SOURCE DATA

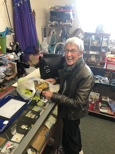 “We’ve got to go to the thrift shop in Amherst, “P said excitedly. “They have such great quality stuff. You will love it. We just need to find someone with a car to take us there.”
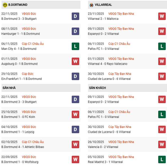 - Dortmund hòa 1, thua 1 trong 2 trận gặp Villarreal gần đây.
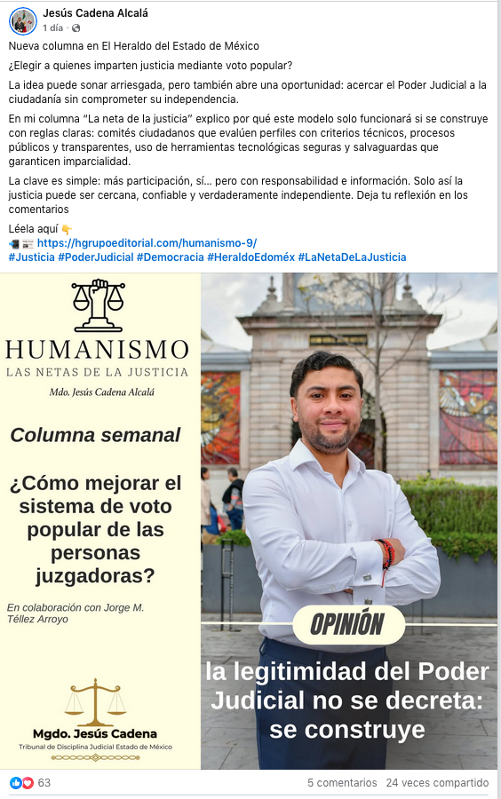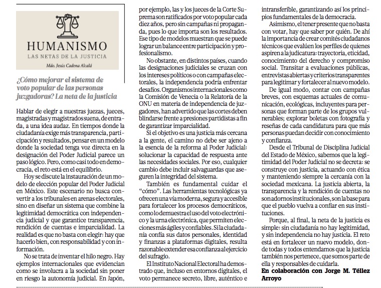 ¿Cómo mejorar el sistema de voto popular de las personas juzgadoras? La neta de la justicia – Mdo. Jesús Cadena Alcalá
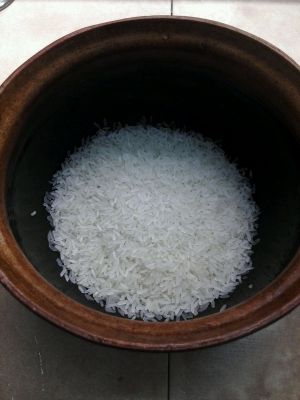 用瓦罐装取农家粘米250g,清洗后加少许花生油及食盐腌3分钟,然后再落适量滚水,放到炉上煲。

TASK GOAL
What's needed is a word-for-word retyping of the listing, minus its pictures.

SOLUTION TO THE PROBLEM
 “We’ve got to go to the thrift shop in Amherst, “P said excitedly. “They have such great quality stuff. You will love it. We just need to find someone with a car to take us there.”
 - Dortmund hòa 1, thua 1 trong 2 trận gặp Villarreal gần đây.
 ¿Cómo mejorar el sistema de voto popular de las personas juzgadoras? La neta de la justicia – Mdo. Jesús Cadena Alcalá
 用瓦罐装取农家粘米250g,清洗后加少许花生油及食盐腌3分钟,然后再落适量滚水,放到炉上煲。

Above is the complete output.